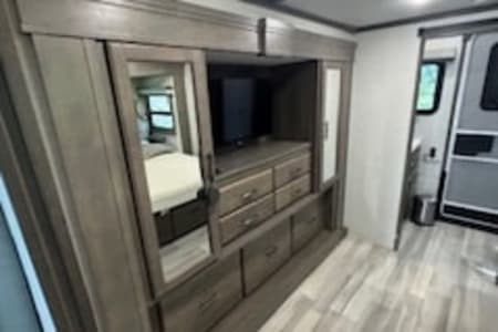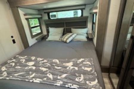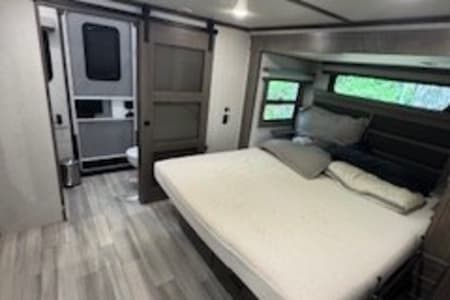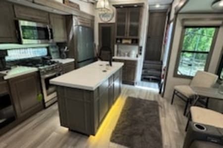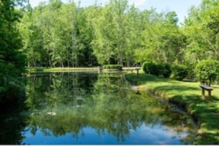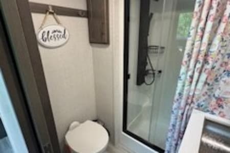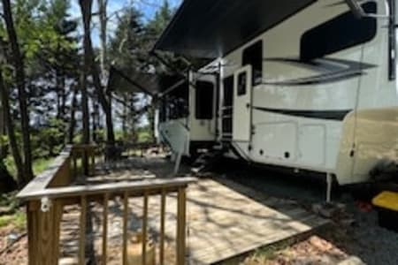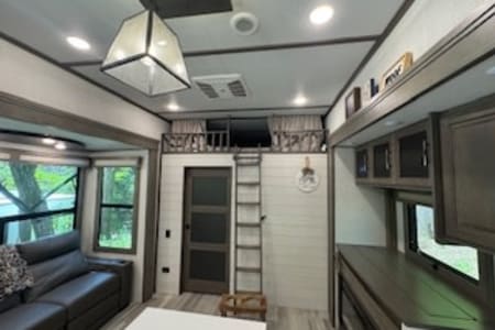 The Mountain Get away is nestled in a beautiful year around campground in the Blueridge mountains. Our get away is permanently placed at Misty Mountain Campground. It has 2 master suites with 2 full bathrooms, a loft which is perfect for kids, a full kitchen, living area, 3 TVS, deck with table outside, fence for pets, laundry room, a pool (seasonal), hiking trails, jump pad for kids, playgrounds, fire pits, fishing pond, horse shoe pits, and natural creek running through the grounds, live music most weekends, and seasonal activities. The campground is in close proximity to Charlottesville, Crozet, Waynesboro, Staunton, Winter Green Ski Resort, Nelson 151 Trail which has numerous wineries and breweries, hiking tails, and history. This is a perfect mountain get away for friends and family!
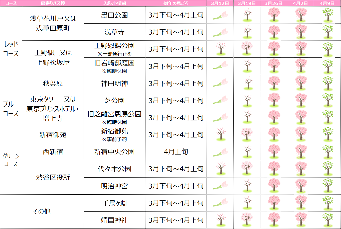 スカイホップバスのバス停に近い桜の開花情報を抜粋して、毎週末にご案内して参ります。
##########
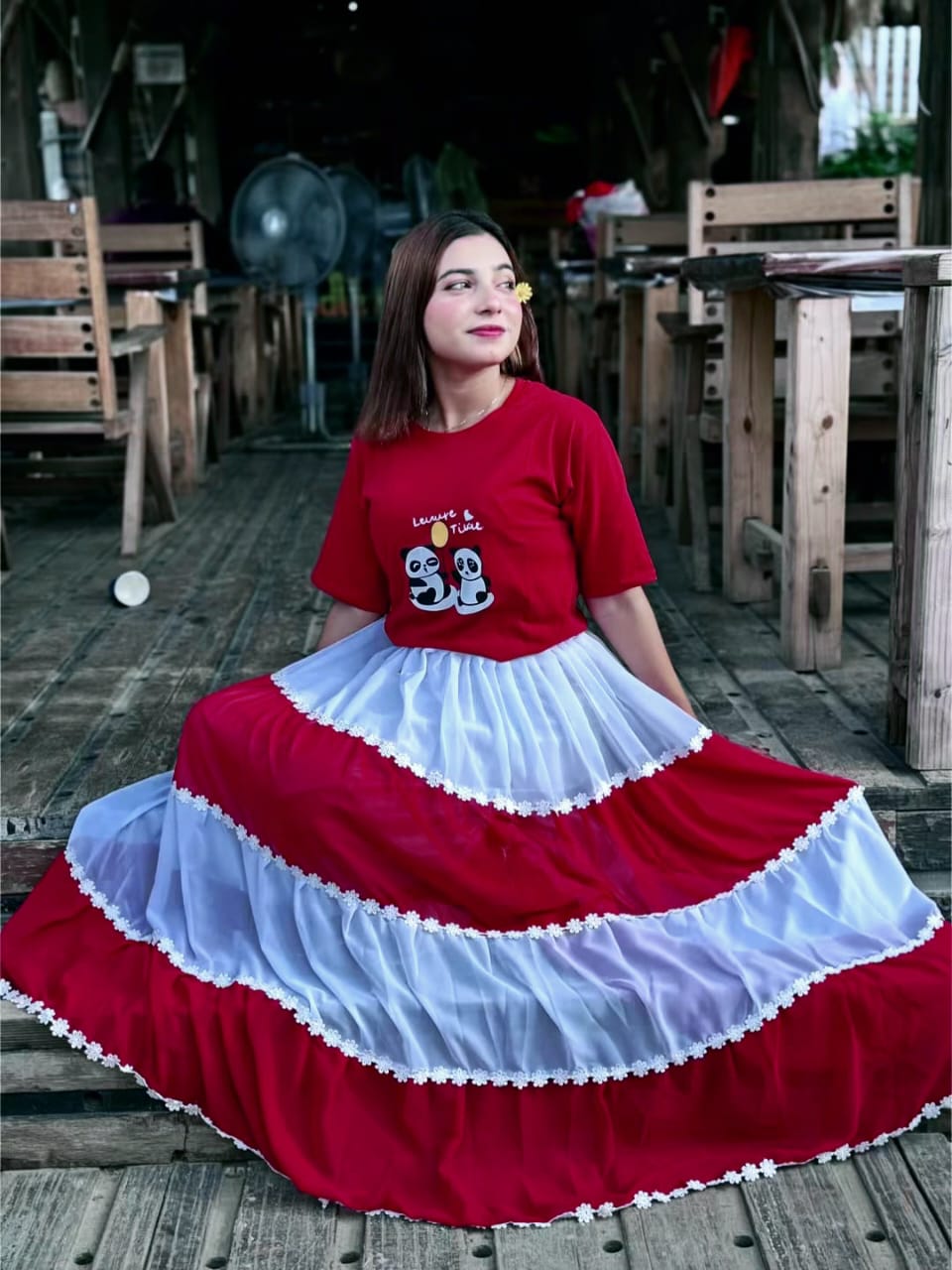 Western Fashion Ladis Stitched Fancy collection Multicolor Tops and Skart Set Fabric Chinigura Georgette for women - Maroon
##########
Work task:
Using the data above, retype exactly the lines from the line with "The Mountain Get" to the line with "スカイホップバスのバス停に近", inclusive. No pictures and nothing else.

Result of the task:
 The Mountain Get away is nestled in a beautiful year around campground in the Blueridge mountains. Our get away is permanently placed at Misty Mountain Campground. It has 2 master suites with 2 full bathrooms, a loft which is perfect for kids, a full kitchen, living area, 3 TVS, deck with table outside, fence for pets, laundry room, a pool (seasonal), hiking trails, jump pad for kids, playgrounds, fire pits, fishing pond, horse shoe pits, and natural creek running through the grounds, live music most weekends, and seasonal activities. The campground is in close proximity to Charlottesville, Crozet, Waynesboro, Staunton, Winter Green Ski Resort, Nelson 151 Trail which has numerous wineries and breweries, hiking tails, and history. This is a perfect mountain get away for friends and family!
 スカイホップバスのバス停に近い桜の開花情報を抜粋して、毎週末にご案内して参ります。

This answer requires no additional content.